Important question number one. Did your mom, while of sound mind, create Advanced Directives giving guidance as to what she would prefer? If not, did she ever talk about whether or not she would want heroic measures *even* if she were terminal? If she did not, you are faced with the task of deciding what she may have wanted and what you feel is appropriate. Tough question number two: how do you want life to end?

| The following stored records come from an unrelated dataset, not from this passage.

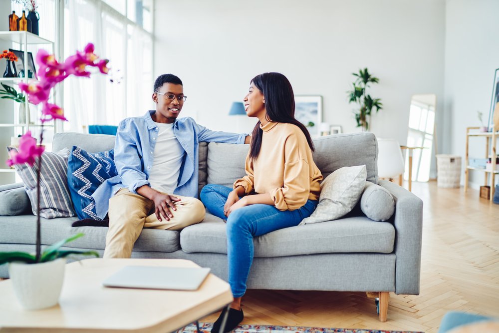 Add character to your room with unique accessories. Affordable items like mother-of-pearl effect knobs, an eye-catching brass curtain rod or vibrant cushions can elevate your living room’s look without breaking the bank.
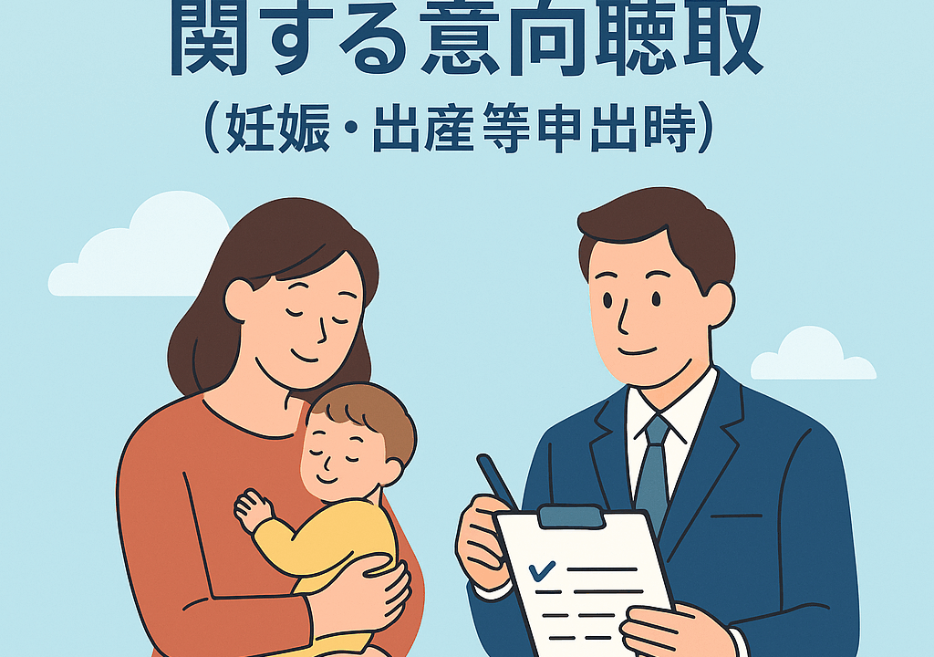 従業員やその配偶者から妊娠・出産予定の申出があった場合、事業主には「仕事と育児の両立に関する意向」を聴取する義務があります。これは労使協定の有無にかかわらず、法令上の義務とされています。
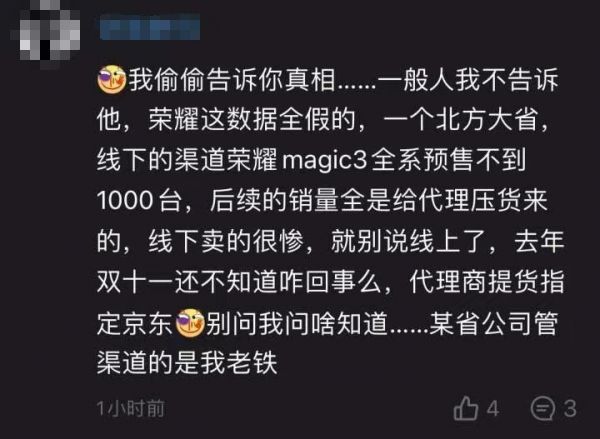 在一篇讨论荣耀第三季度增速的帖子下,一名ID名为“说唱数码”的贴吧网友透露自己朋友是一家省公司渠道管理,他表示:“一个北方大省,线下渠道荣耀Magic3全系预售不过1000台,后续销量全靠代理商压货。”
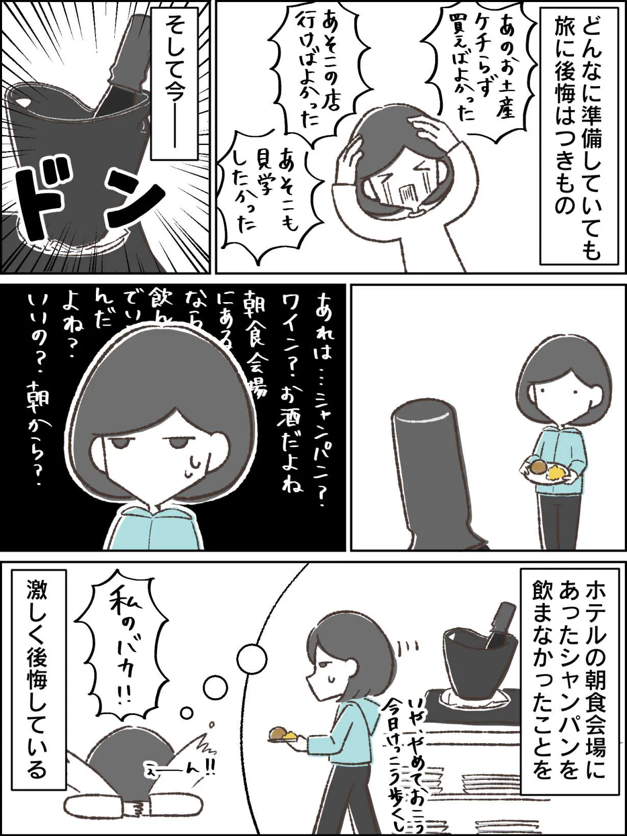 目下私が胸を搔きむしらんばかりに後悔しているのが、朝食会場にあったシャンパンだかワインだかを飲まなかったこと。誰も手を付けてなかったし、飲んでいいか聞くのも恥ずかしくてスルーしてしまったのだ。なんで!?ハムもチーズもあったんだから、めちゃくちゃ優雅なモーニングできたはずじゃん。そもそも朝食ビュッフェに酒があること自体珍しいじゃないか……
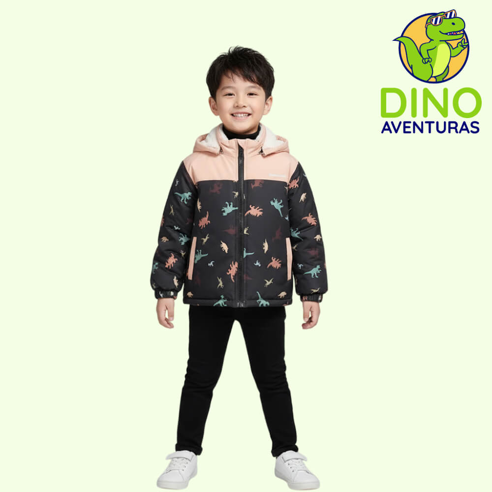 Abrigo Grueso Impermeable con Capucha Forrada de Polar para Jóvenes – Estampado Dinosaurio
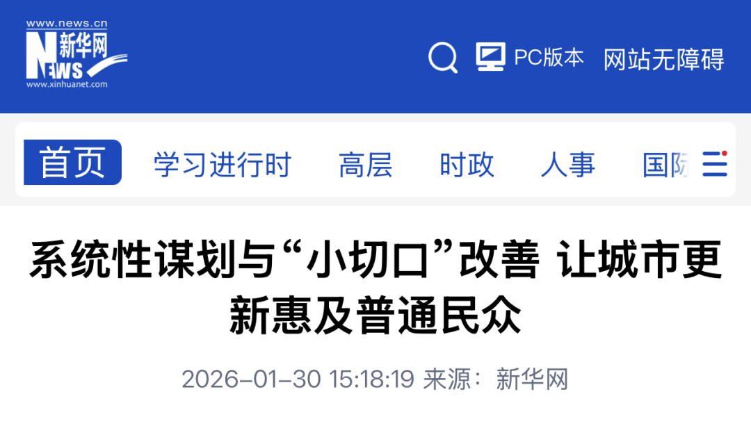 新华网报道:系统性谋划与“小切口”改善 让城市更新惠及普通民众编者按城市更新,始于规划,归于民生。当前我国城市发展已进入由增量转向存量、由外延扩张转向内涵提升的新阶段,如何让城市更新更有温度、更贴民心,...
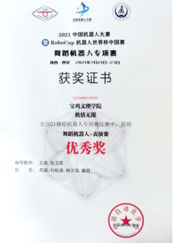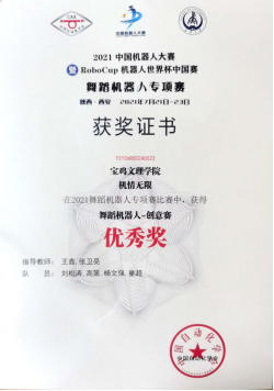 7月21日至23日,2021中国机器人大赛暨RoboCup机器人世界杯中国赛舞蹈机器人专项赛在长安大学举办。公司4名员工参加,获得优秀奖2项,指导教师王鑫、张卫亮。
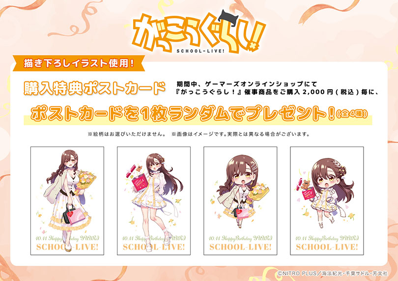 期間中、ゲーマーズオンラインショップにて『がっこうぐらし!』催事商品をご購入2,000円(税込)毎に、特典ポストカード(全4種)をランダムで1枚プレゼント!
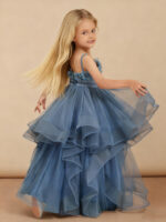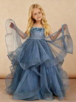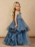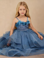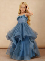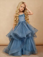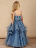 Floral Applique Tiered Tulle Long Flower Girl Dress
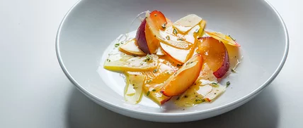 The Pairing: Shaved Smoked Black Pepper White Cheddar + Sliced Stone Fruit (nectarines, peaches, plums)
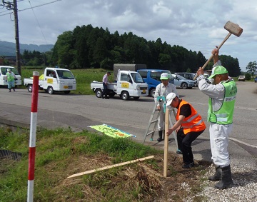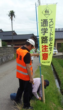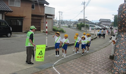地域の皆さんが「あいさつ運動と交通安全指導」

The decision point here would come if her Alzheimer’s takes the course where she eventually stops eating, or eats so little she is wasting, or can no longer drink water. At that point the body has run its course and is beginning to enter the dying phase. Many people, facilities, and religions are uncomfortable with this and want to institute tube feeding and forced hydration at this point, regardless of the state of the patient’s consciousness. The tough question here is quality of life. Would she want to have lived like this? If not, it is time for a hospice consult.
What hospice will do is give her medications to keep her comfortable and allow the body to take its course. Usually death is no more than a few days to a few weeks off (if the assessment is correct). At the very end some will argue that it is cruel to “withhold” water, however, to inject fluids when the body is no longer capable of pumping them out is essentially forcing the person to drown. An MD or experienced hospice RN should assess to see if this is indeed where the patient is at.
I hope this gives you some starting points. Peace to you and your mom.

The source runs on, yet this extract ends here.